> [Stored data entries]

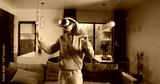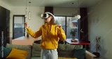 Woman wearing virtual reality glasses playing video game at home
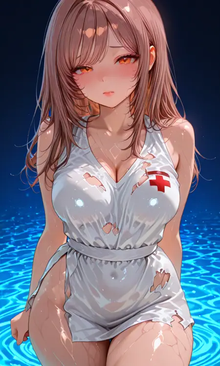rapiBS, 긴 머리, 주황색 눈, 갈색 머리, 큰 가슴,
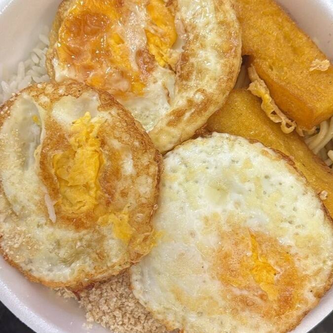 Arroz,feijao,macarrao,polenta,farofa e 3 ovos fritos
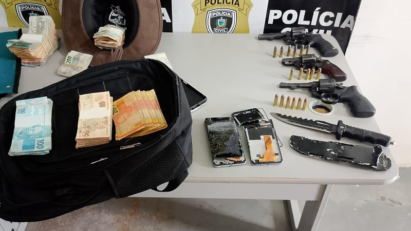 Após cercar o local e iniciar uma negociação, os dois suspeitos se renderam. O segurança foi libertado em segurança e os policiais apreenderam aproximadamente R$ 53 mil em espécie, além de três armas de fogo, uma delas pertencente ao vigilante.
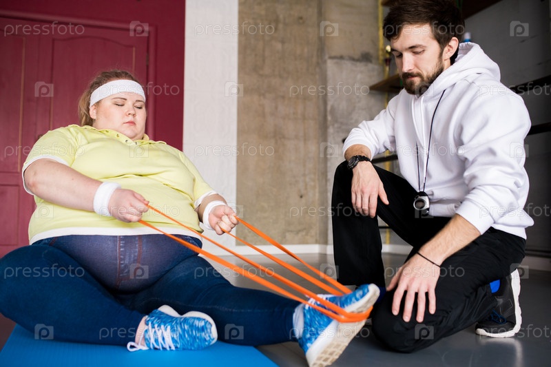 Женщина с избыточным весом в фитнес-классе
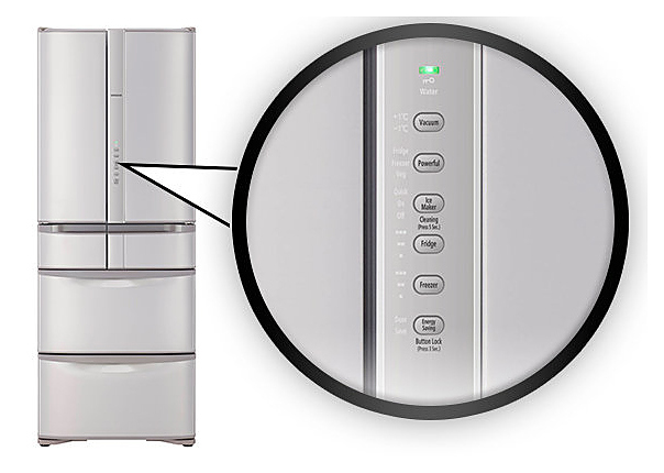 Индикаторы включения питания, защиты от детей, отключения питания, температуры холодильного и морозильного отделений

> [WORK INSTRUCTION]
Write out again, exactly, each line from the one containing "Após cercar o" through the last line of the entries, and omit every picture.

> [OUTPUT BELOW]
 Após cercar o local e iniciar uma negociação, os dois suspeitos se renderam. O segurança foi libertado em segurança e os policiais apreenderam aproximadamente R$ 53 mil em espécie, além de três armas de fogo, uma delas pertencente ao vigilante.
 Женщина с избыточным весом в фитнес-классе
 Индикаторы включения питания, защиты от детей, отключения питания, температуры холодильного и морозильного отделений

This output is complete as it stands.